Earlier in the year I was shortlisted for a Shirley Jackson award for my short story ‘Sun Dogs’. It was without a doubt one of the coolest things ever happen to me. And even though I didn’t win, it remains one of the coolest things, because it’s true that being nominated for awards is an honour and a joy even if you don’t actually win. But. And there is always a but.

It’s hard to admit to, but not winning an award stings. It’s hard to admit because it feels inherently selfish and egotistical. Shouldn’t the nomination be honour enough? And it is, yes, but there is always the hope inside of you somewhere – tiny, and quiet, but there – that you might possibly maybe be in with a chance of actually winning. So when you don’t – like I said, it stings.

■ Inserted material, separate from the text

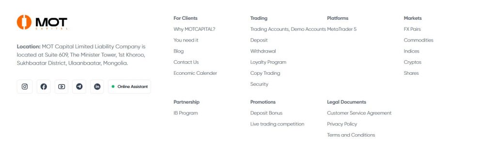 MOTCapital claims to operate under Mongolian jurisdiction. However, the broker does not provide any visible regulatory license number. There is no confirmed oversight from a recognized international financial authority. Without proper regulation, trader protection is nonexistent. Unlicensed brokers can operate without restrictions or accountability. This puts client funds and trading conditions at significant risk.

It goes away, though, and the status quo resumes, because you can’t really miss an award you never had. And when I received my Shirley Jackson nominee pebble and certificate it really was a joy; even if I didn’t win, nobody can ever take away from me the fact that someone, somewhere thought my story was good enough to be shortlisted. I can say that now, with the benefit of hindsight, because the sting has healed.

But I am going in to FantasyCon an awards nominee again. A double nominee, in fact. I’ve been here before: in 2015, I was nominated for two British Fantasy Awards and attended my first ever FantasyCon feeling like I’d swallowed an especially nervous stone, which I carried around in my stomach all weekend. I feel like that again now. And although I tell myself I dare not entertain the hope that I might win, I know that my brain will betray me and do it anyway.

I’m sure it’ll be all right on the night. I’m sure I’ll manage to swallow the nerves down and have fun with my friends, and I’m sure they won’t see through my Normal Person Suit and find only terrible things beneath, because that’s something my mind has made up. (I mean, I’m not a Normal Person, that much is true, but the part of my brain that isn’t constantly on fire tells me that I’m pretty okay, actually.) And whether I win or not, I will always have the honour of having been considered worthy of the shortlist – and that is a hell of an honour.